Grusel Thriller 2: Der Todesengel, Ina Elbracht (Buch)

Grusel Thriller 2
Der Todesengel
Ina Elbracht
Titelbild: Rudolf Sieber-Lonati
Blitz, 2020, Taschenbuch, 192 Seiten, 12,95 EUR (auch als eBook erhältlich)

Rezension von Elmar Huber

„Das Lindgrün des Stoffs passte nicht zur Jahreszeit und dem bunten Laub auf den Bäumen vor den Fenstern des Salons. Statt eines frühlingshaften Zaubers ging ein Schaudern davon aus, das mich bei dem Gedanken überkam, wie es sich wohl anfühlen mochte, Kleidung zu tragen, von der man nicht wusste, ob man, wenn die richtige Saison für sie käme, überhaupt noch am Leben war.“

Die abgebrannte Immobilienmaklerin Helene Gniffke soll im Auftrag ihrer neuen Mandantin Gerda von Grope einen Käufer für deren Haus im Kölner Villenviertel Braunsfeld finden. Die Eigentümerin scheint etwas spleenig, doch Helene kann es sich nicht leisten, wählerisch zu sein. Also ignoriert sie ihr Bauchgefühl und den merkwürdigen Umstand, dass im Netz keinerlei Infos zu Frau von Grope zu finden sind. Tatsächlich hat die skurrile alte Dame anderes mit Helene im Sinn, als ihre Geschäfte von ihr erledigen zu lassen.

„Ich sah mein eigenes Gesicht nun dicht vor mir. Und dann sah ich noch etwas dahinter hervorblitzen, das uralt sein musste. Es war ein Antlitz, das zwar menschlich schien, an dem aber alles falsch war, etwa wie bei einer dilettantisch modellierten und als unbrauchbar verworfenen Plastik.“


2019 hatte die Autorin Ina Elbracht bereits mit dem gemeinsam mit Historiker Alexander Schmalz verfassten Roman „Klunga und die Ghule von Köln“ unter den Phantastik-Liebhabern für Aufsehen gesorgt; das Pseudonym Adam Hülseweh wurde in dem Buch schon direkt aufgelöst. Klunga überraschte nicht nur damit, eine Lanze für die Ghule zu brechen, die bei „John Sinclair“ und Co. immer als stinkende, amorphe Ekelgestalten dargestellt werden, sondern zudem durch liebevolle Charakter-Zeichnungen.

Auch „Der Todesengel“ ist mehr, als es ein Roman mit dem pulpigen Signet „Grusel Thriller“ erwarten lässt.
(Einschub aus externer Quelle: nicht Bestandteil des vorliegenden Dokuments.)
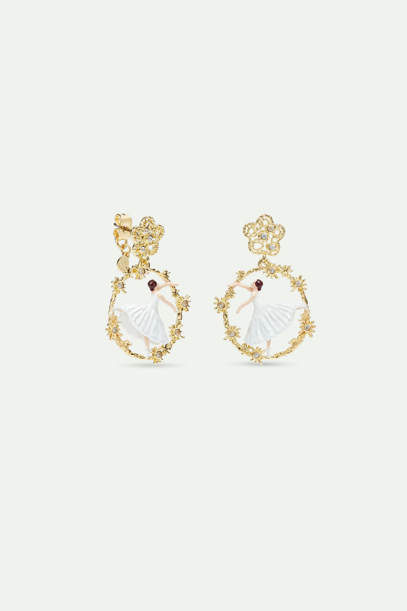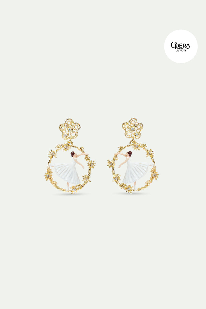Earrings composed of a hand-enamelled dancing ballerina wearing a white tutu, a filigree openwork flower and gold-plated brass dangling circle, cubic zirconia. To celebrate the 150th anniversary of the Palais Garnier, Les Néréides has designed a collection of jewellery infused with the very spirit of the Opera. This collection takes you on a journey through the most romantic of ballets, Giselle.
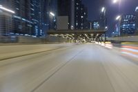 Nighttime view of Chicago, Illinois, with light traffic on the city's highways. The motion-blur effect captures the fast-paced energy of the bustling metropolitan area. Artificial lights and streaks of light illuminate the concrete streets and buildings.

Fast scheint es der Autorin Spaß zu machen, ihre Leser dahingehend an der Nase herumzuführen und sich schelmisch lächelnd in ihrem Understatement zu sonnen. Der unaufdringliche Humor spiegelt sich auch in den Kapitelüberschriften, allesamt Schlagertitel, wider.

Mit der Ansiedlung ihrer Geschichte im Köln der Gegenwart gaukelt Ina Elbracht zunächst tatsächlich durchschnittlichen Groschenheftgrusel vor. Immerhin ist die mit Galgenhumor gesegnete Protagonistin Helene Gniffke - torkelnd am Rande der Verzweiflung und des Ruins - gut gezeichnet, und der etwas schnoddrige Ton macht das Ganze sehr sympathisch.

Doch plötzlich beginnt die Autorin, erst einmal völlig zusammenhanglos, eine andere Geschichte aus der Vergangenheit zu erzählen. Diese entwickelt sich zunächst zur Tragödie, um dann sogar märchenhafte Elemente aufzugreifen.

Dadurch wird „Der Todesengel“ deutlich vielschichtiger als es zu Beginn noch den Anschein hatte. Das teilweise groteske Ambiente, das in Gerda von Gropes Haus herrscht, und die befremdlichen Allüren der Alten sorgen außerdem für bizarre Grusel-Atmosphäre. Da fühlt man sich im besten Sinne an die Horror-Romane von Hugh Walker erinnert.

Natürlich ist fast klar, dass die Vergangenheitshandlung irgendwie im Zusammenhang mit den gegenwärtigen Ereignissen stehen muss. Die Erzählung springt nun immer wieder in den Zeiten hin und her, und die Andeutungen, wie die Ereignisse zusammenhängen, häufen sich. Dabei schafft es die Autorin bravourös, Teile des Gesamtbilds lange bedeckt zu halten. Das Puzzle, das zeigt, was hier wirklich vor sich geht, setzt sich tatsächlich erst zum Ende auf fabelhafte Weise zusammen.